On Fri, Mar 27, 2020 at 12:44 PM Xintong Song <tonysong...@gmail.com> wrote:

> Gary & Zhu Zhu,
>
> Thanks for preparing this FLIP, and a BIG +1 from my side. The trade-off
> between resource utilization and potential deadlock problems has always
> been a pain. Despite not solving all the deadlock cases, this FLIP is
> definitely a big improvement. IIUC, it has already covered all the existing
> single job cases, and all the mentioned non-covered cases are either in
> multi-job session clusters or with diverse slot resources in future.
>
> I've read through the FLIP, and it looks really good to me. Good job! All
> the concerns and limitations that I can think of have already been clearly
> stated, with reasonable potential future solutions. From the perspective of
> fine-grained resource management, I do not see any serious/irresolvable
> conflict at this time.
>
> nit: The in-page links are not working. I guess those are copied from
> google docs directly?
>
>
> Thank you~
>
> Xintong Song
>
>
>
> On Fri, Mar 27, 2020 at 6:26 PM Zhu Zhu <reed...@gmail.com> wrote:
>
> > To Yangze,
> >
> > >> the blocking edge will not be consumable before the upstream is
> > finished.
> > Yes.
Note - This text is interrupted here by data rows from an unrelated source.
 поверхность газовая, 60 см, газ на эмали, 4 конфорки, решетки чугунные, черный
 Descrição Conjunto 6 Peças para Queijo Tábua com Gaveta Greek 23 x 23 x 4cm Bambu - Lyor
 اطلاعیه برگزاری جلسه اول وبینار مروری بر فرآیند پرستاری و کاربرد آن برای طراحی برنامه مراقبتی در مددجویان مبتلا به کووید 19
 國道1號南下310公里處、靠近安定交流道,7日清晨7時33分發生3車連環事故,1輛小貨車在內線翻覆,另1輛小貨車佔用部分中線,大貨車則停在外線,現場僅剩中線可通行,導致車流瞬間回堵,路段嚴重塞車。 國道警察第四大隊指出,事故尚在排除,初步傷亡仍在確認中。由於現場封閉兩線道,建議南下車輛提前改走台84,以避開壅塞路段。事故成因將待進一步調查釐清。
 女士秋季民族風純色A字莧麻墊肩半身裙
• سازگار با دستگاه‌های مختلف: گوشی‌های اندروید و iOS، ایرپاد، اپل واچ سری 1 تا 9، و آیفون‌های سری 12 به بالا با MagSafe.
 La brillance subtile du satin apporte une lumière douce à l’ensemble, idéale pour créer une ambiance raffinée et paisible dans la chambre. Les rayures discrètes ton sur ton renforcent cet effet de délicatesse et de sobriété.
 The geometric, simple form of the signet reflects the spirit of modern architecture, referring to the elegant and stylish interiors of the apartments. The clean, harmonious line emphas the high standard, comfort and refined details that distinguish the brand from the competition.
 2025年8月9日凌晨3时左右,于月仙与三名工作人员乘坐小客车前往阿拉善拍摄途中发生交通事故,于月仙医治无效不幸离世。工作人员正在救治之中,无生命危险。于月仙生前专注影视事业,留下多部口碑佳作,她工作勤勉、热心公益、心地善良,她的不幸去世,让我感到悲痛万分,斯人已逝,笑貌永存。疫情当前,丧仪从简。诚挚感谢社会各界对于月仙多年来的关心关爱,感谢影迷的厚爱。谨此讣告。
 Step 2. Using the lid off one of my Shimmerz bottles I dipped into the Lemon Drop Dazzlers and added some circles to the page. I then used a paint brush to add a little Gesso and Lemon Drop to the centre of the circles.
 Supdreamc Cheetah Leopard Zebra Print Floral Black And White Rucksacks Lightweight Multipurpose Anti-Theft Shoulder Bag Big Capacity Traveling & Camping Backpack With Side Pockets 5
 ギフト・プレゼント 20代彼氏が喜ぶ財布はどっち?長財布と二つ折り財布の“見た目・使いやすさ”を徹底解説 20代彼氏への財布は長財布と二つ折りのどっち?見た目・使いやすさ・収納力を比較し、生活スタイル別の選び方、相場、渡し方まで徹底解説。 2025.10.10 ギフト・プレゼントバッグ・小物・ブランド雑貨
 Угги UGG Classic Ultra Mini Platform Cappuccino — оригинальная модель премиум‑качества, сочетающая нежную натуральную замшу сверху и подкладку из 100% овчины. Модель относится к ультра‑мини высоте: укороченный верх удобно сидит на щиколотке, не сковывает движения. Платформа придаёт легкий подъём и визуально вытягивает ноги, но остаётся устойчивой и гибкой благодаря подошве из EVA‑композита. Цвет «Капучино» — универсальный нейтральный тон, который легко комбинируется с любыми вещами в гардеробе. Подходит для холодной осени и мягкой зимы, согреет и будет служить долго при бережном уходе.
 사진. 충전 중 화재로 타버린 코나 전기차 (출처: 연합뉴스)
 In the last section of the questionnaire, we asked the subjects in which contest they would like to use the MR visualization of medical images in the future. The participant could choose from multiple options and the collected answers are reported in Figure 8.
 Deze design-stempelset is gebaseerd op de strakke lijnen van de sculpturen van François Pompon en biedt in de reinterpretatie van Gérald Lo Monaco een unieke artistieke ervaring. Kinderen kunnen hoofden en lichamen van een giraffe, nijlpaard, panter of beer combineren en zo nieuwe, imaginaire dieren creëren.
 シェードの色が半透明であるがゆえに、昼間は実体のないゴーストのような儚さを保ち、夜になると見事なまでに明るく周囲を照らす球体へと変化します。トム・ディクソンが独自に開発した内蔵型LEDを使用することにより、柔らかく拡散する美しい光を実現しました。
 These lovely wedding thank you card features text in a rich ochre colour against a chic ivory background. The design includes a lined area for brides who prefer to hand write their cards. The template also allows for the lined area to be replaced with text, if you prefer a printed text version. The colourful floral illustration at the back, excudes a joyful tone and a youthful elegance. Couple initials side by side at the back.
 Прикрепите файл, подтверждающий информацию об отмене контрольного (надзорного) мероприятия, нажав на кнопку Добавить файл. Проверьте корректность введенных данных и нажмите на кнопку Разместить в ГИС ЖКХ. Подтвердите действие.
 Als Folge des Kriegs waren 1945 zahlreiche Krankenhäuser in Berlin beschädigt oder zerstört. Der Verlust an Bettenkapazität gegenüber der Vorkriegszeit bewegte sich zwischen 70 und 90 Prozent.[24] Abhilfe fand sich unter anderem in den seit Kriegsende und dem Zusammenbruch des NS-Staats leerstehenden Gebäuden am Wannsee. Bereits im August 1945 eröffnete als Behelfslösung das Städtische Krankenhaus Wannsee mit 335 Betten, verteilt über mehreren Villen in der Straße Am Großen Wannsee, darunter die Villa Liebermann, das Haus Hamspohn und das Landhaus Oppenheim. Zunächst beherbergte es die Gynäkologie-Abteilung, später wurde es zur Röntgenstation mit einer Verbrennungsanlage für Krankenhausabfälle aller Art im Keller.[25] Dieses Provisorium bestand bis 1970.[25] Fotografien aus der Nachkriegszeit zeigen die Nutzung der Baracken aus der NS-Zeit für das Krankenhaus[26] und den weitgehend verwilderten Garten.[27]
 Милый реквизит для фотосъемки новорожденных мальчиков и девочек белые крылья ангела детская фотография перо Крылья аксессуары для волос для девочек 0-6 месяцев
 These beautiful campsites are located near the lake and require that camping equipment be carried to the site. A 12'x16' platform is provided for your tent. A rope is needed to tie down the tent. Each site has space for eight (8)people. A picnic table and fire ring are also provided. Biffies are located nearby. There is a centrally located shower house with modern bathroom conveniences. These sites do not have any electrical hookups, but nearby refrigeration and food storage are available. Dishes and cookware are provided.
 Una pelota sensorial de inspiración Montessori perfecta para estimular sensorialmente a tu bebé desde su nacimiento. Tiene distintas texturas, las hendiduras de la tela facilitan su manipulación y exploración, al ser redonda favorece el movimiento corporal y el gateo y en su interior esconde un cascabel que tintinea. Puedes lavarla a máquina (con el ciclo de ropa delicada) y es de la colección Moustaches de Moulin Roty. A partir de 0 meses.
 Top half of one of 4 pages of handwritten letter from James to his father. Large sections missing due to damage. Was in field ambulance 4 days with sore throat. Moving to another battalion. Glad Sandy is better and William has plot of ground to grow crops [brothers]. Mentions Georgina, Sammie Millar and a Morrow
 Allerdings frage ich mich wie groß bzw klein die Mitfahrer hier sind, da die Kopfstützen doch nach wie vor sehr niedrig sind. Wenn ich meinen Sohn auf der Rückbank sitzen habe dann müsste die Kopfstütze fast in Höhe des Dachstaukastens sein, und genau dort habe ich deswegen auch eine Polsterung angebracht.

This is how we define a BLOCKING result partition, "Blocking
> > partitions represent blocking data exchanges, where the data stream is
> > first fully produced and then consumed".
> >
> > >> I'm also wondering could we execute the upstream and downstream
> regions
> > at the same time if we have enough resources
> > It may lead to resource waste since the tasks in downstream regions
> cannot
> > read any data before the upstream region finishes. It saves a bit time on
> > schedule, but usually it does not make much difference for large jobs,
> > since data processing takes much more time. For small jobs, one can make
> > all edges PIPELINED so that all the tasks can be scheduled at the same
> > time.
> >
> > >> is it possible to change the data exchange mode of two regions
> > dynamically?
> > This is not in the scope of the FLIP. But we are moving forward to a more
> > extensible scheduler (FLINK-10429) and resource aware scheduling
> > (FLINK-10407).
> > So I think it's possible we can have a scheduler in the future which
> > dynamically changes the shuffle type wisely regarding available
> resources.
> >
> > Thanks,
> > Zhu Zhu
> >
> > Yangze Guo <karma...@gmail.com> 于2020年3月27日周五 下午4:49写道:
> >
> > > Thanks for updating!
> > >
> > > +1 for supporting the pipelined region scheduling. Although we could
> > > not prevent resource deadlock in all scenarios, it is really a big
> > > step.
> > >
> > > The design generally LGTM.
> > >
> > > One minor thing I want to make sure. If I understand correctly, the
> > > blocking edge will not be consumable before the upstream is finished.
> > > Without it, when the failure occurs in the upstream region, there is
> > > still possible to have a resource deadlock. I don't know whether it is
> > > an explicit protocol now. But after this FLIP, I think it should not
> > > be broken.
> > > I'm also wondering could we execute the upstream and downstream
> > > regions at the same time if we have enough resources. It can shorten
> > > the running time of large job. We should not break the protocol of
> > > blocking edge. But if it is possible to change the data exchange mode
> > > of two regions dynamically?
> > >
> > > Best,
> > > Yangze Guo
> > >
> > > On Fri, Mar 27, 2020 at 1:15 PM Zhu Zhu <reed...@gmail.com> wrote:
> > > >
> > > > Thanks for reporting this Yangze.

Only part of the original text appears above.